This is what I told him. I am a 34 year old woman with a 14 year old son and I have never been so scared in my life. Everyday I feel the doom and gloom all around me and its eats me up inside. I still think of myself as a child and in these moments I feel more grown up then I ever have. Am I scared, hell yeah. How could I not be. But I am a devil's advocate kind of girl So for me the worst case scenario is a given. I tell him that I refuse to live in fear over this one topic. I tell him that I relate this to "little house on the prairie". They lived without electricity, they lived for each other off the land. NO, I am not a tree hugger. I too have taken more than I have needed just like the rest of us. But our worst case is what. Our worst case scenario is this. If things get really bad then as a country we start to combine efforts. Children move in with mom's, Grandmother's move in with Children. As a country we come together as a unit. We reach out and we help our neighbor. Bottom lime we will all get through this together. That is what America is about. We show our strength and our unity and no matter how bad it gets we give the next generation something to be proud of. Just like the generations before us. We find unity and this brings us closer, how can that be a bad thing in the end. After this conversation the "elder" tells me I should come work for him. What a joke! I tell him "you can't afford me" you don't even get it.

I believe in my hearts of heart that I am a good person. I don't know where I stand with God and in some ways that gives me an easy way out. It would be so easy to blame him for all that is wrong. The sad part of that is that the older I get I realize that all that is wrong, we have caused. What a sad revelation.

People get over yourself, we are all scared. If you are reading this thinking I am being dramatic, well than you are full of shit. I am just speaking what so many of us are afraid to voice. We are all scared. Its not about being scared its about how we deal with it. 

Sorry to be soooooooo blah. But as Christina says " life isn't all peace, love and unicorns".

2.10.2009

NRTR #88


It makes me laugh to think that the whole reason I started blogging, was because of my X. I didn't want my family to have to hear about the escapades one more time and I thought it would be a great place to vent, to speak my mind and ultimately a place for just me. Last night I went back and read all my posts from the beginning. I wanted to see how far I had come and in that I realized how truly RANDOM I am. My writing is all over the place so thanks for "getting" me and sticking around.

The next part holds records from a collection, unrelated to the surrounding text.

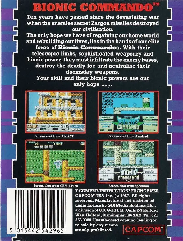 Combined with an arsenal of rapid-fire, armor-piercing and heat-seeking weaponry, this will put the power of an entire army in the hands of one man… one carefully chosen soldier, who has what it takes to become a new breed of unstoppable commando… a Bionic Commando. And you are that soldier! Your mission will take you through the heavily-patrolled wilderness surrounding the enemy headquarters and into the very heart of the fortress itself. Even to the most courageous soldier, it would seem an impossible challenge. But there has never been a soldier like the Bionic Commando!
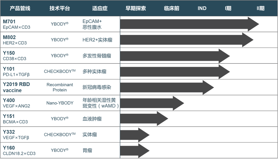 雙特(te)異(yi)性抗(kang)(kang)體(ti)(ti)藥(yao)(yao)物是下一(yi)代抗(kang)(kang)體(ti)(ti)藥(yao)(yao)物的(de)(de)核心(xin)發展(zhan)方向(xiang)之一(yi),在腫瘤、免疫、炎癥、代謝性、心(xin)血管(guan)和感染等(deng)(deng)重大(da)疾病領(ling)域具有廣泛的(de)(de)應用(yong)前景。友(you)芝友(you)生物基(ji)于自主創(chuang)新的(de)(de)抗(kang)(kang)體(ti)(ti)工程技(ji)術(shu)(shu), 成(cheng)(cheng)功(gong)建立了YBODY®及CHECKBODY™ 的(de)(de)雙特(te)異(yi)性抗(kang)(kang)體(ti)(ti)技(ji)術(shu)(shu)平(ping)臺,并已(yi)申報51項中(zhong)外(wai)專(zhuan)利(li),授權(quan)專(zhuan)利(li)26項, 其中(zhong)美國(guo)授權(quan)發明專(zhuan)利(li)7項。現有產品管(guan)線涵蓋腫瘤、眼科、感染等(deng)(deng)重大(da)疾病領(ling)域。基(ji)于獨特(te)的(de)(de)雙抗(kang)(kang)平(ping)臺及工藝技(ji)術(shu)(shu), 公司開(kai)發出(chu)的(de)(de)四個雙抗(kang)(kang)項目(mu)已(yi)成(cheng)(cheng)功(gong)進(jin)入臨(lin)床研究(jiu)階段, 初(chu)步臨(lin)床數據表明該系(xi)列產品具有良好(hao)的(de)(de)安全性和有效性。此外(wai),公司已(yi)完成(cheng)(cheng)多個項目(mu)的(de)(de)早期成(cheng)(cheng)藥(yao)(yao)性評價并正在進(jin)行CMC的(de)(de)開(kai)發(表1)。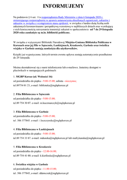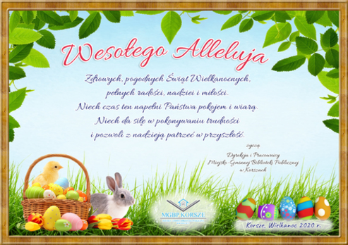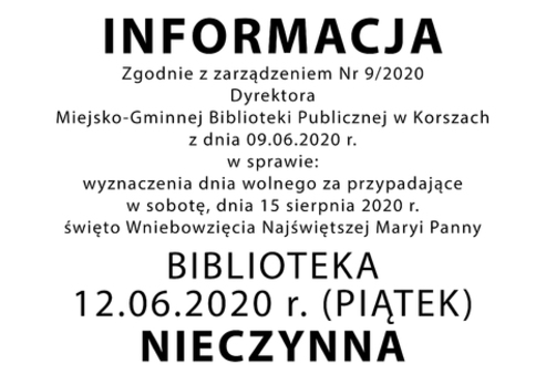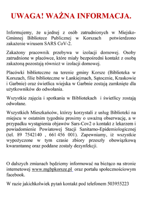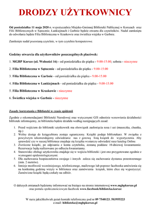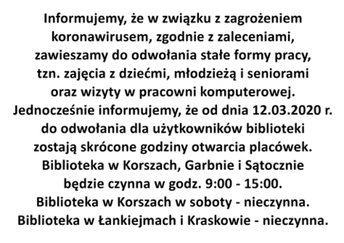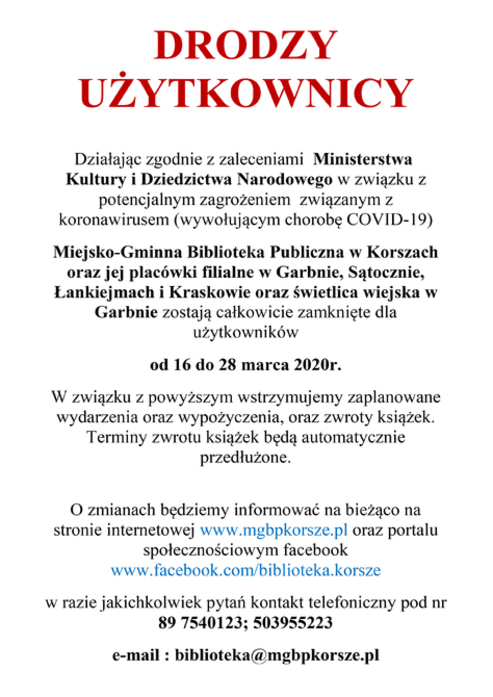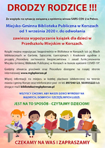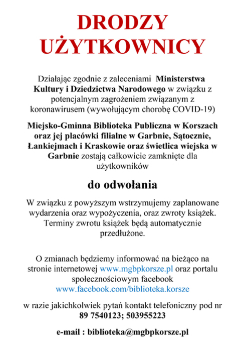 Ze względu na sytuację związaną z epidemią wirusa SARS-COV-2 w Polsce, Miejsko-Gminna Biblioteka Publiczna w Korszach od 1 września 2020 r. do odwołania zawiesza wypożyczanie książek dla dzieci w Przedszkolu Miejskim w Korszach.

My X is still just that an X. I had initially thought that we were going to be able to stay friends. UHHHHH no, not the case. No need to even get into details. But I will tell you this. People don't change. They may be able to change habits, but the core of who that person is will never change. I am looking forward to  lots of meaningless hook-ups in 09. I have had one so far at it made me realize that maybe I need to be changing my age group to 40 and above, lol. 

Work has been crazy busy and at the end of the day my brain is truly fried! I have to get a laptop within the next month. Any Advice?

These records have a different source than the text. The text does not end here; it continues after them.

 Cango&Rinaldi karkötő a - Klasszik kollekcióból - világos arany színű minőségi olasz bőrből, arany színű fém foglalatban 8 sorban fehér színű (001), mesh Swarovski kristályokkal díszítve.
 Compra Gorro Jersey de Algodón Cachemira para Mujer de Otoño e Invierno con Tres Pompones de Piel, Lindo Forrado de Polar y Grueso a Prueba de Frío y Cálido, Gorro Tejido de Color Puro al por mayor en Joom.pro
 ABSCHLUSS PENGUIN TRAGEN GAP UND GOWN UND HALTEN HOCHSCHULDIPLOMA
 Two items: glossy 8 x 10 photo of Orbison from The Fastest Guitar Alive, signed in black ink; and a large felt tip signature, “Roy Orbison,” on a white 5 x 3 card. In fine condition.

My son is awesome as always. I didn't think a set of drums would change his life as much as it has. I knew I would hear deafening banging for eternity but I didn't know my garage would turn into the 8th grade clubhouse. It's cool though. Everyday it amazes me how different boys are from girls. I never had a brother so this is my first experience with boys. It has taught me a lot, he is so laid back and just has different priorities. Last night he informed me that Saturday afternoon the party was in his domain, lol. How great it must be to have no worries.

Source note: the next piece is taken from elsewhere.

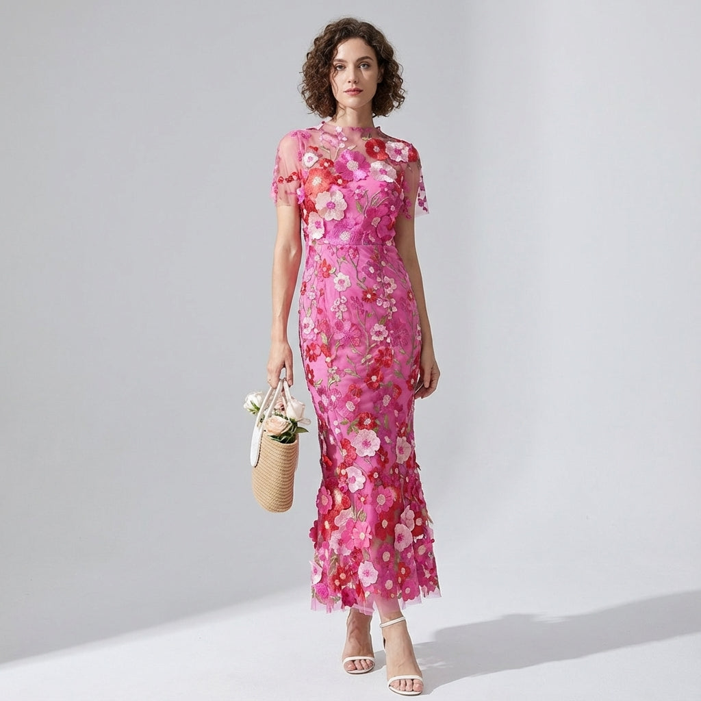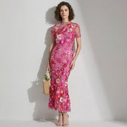 Intricate Floral Embroidery Mesh Fishtail Rose Red Dress - 810908122798_ROS - M
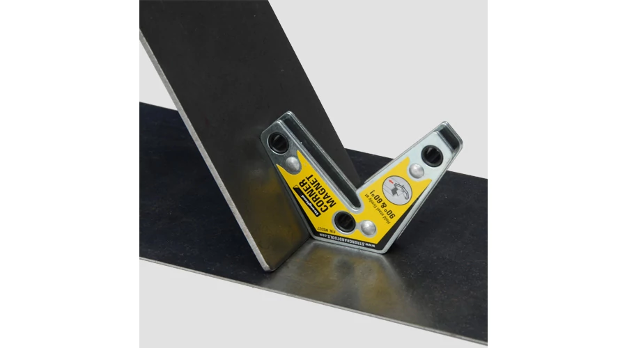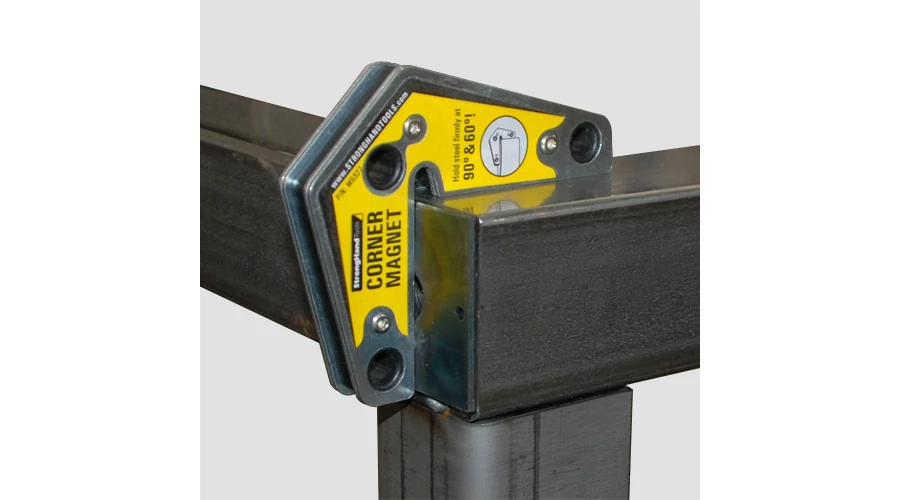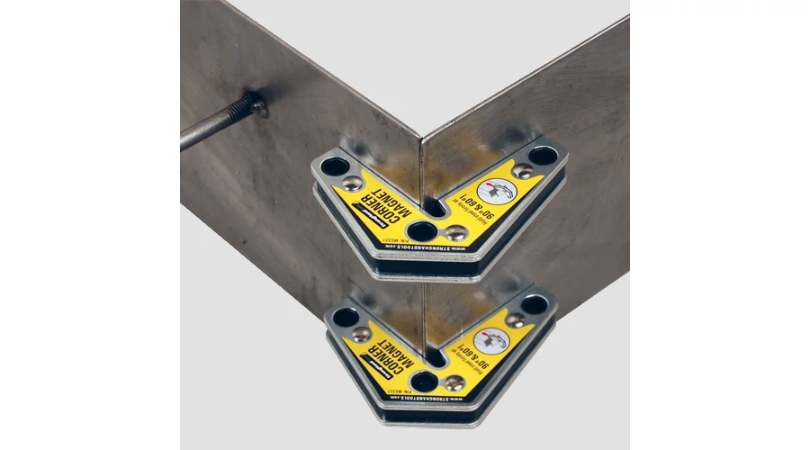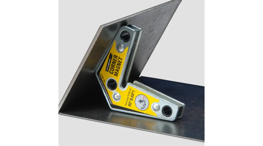 Időtakarékos, mágneses, rögzítő szerszám ipari felhasználók, lakatosok és hegesztől számára. A külső élekkel 90° és 120°-os szögeket is képes biztosítani, ezáltal akadálymentesen végezheti a ponthegesztést és egyéb munkafolyamatokat. Az egyik oldali sarok kivágás lehetővé teszi a magas peremekhez való hozzáférést is. A sarokmágnes külső éleit használva, a munkadarabok 60°-os szögbe állítása is lehetővé válik. Megjegyzés: a mágneses húzóerő, a mágnes hosszanti oldalán és 3/8"-os lemezen alapul.

That's really all I have folks. Have a great Tuesday!

2.09.2009

Insert Creative Title Here............



-I really love vanilla yogurt with honey. When you put honey in yogurt, it hardens a bit like candy. It so freaking yummylicious.

-Yesterday Afternoon I was mad that I still hadn't received my darts. Damn UPS Man....Last Night I went and checked my mail and there were  my darts. So that's what they meant by standard mail? Major blond moment, they had been here since Friday.

-My Son is loving his drums and has made the garage into his man-cave.

-I find myself saying "turn that down" more and more and I hate it. 

-I am an amazing kisser! I don't even really need to be told, I am that confident. To me there is nothing sexing then a great kiss. 

-I wish it was still Friday. 

-It's raining here and I have decided to wear my pink sock monkey pj's all day!

How was your weekend?

Side Note: Yes I have those PJ's! They were my Christmas eve gift from my son.

Side Note 2: My uncle got me the same ones. I kept both pairs :)

2.06.2009

Crazy joke from an old guy at the bar.


If it takes 5 coconuts to make a 1/2 pint of coconut oil..............where does baby oil come from?

2.05.2009

No Sex Before Marriage....



...........NOT!

I don't know what is happening but I am stuck in song- one liner mode, and it's killing me. First it was "if you want it then you better put a ring on it". Next I moved on to "only the cool people", then "hi-hat with a suped-up tempo" and now "no sex before marriage". wtf?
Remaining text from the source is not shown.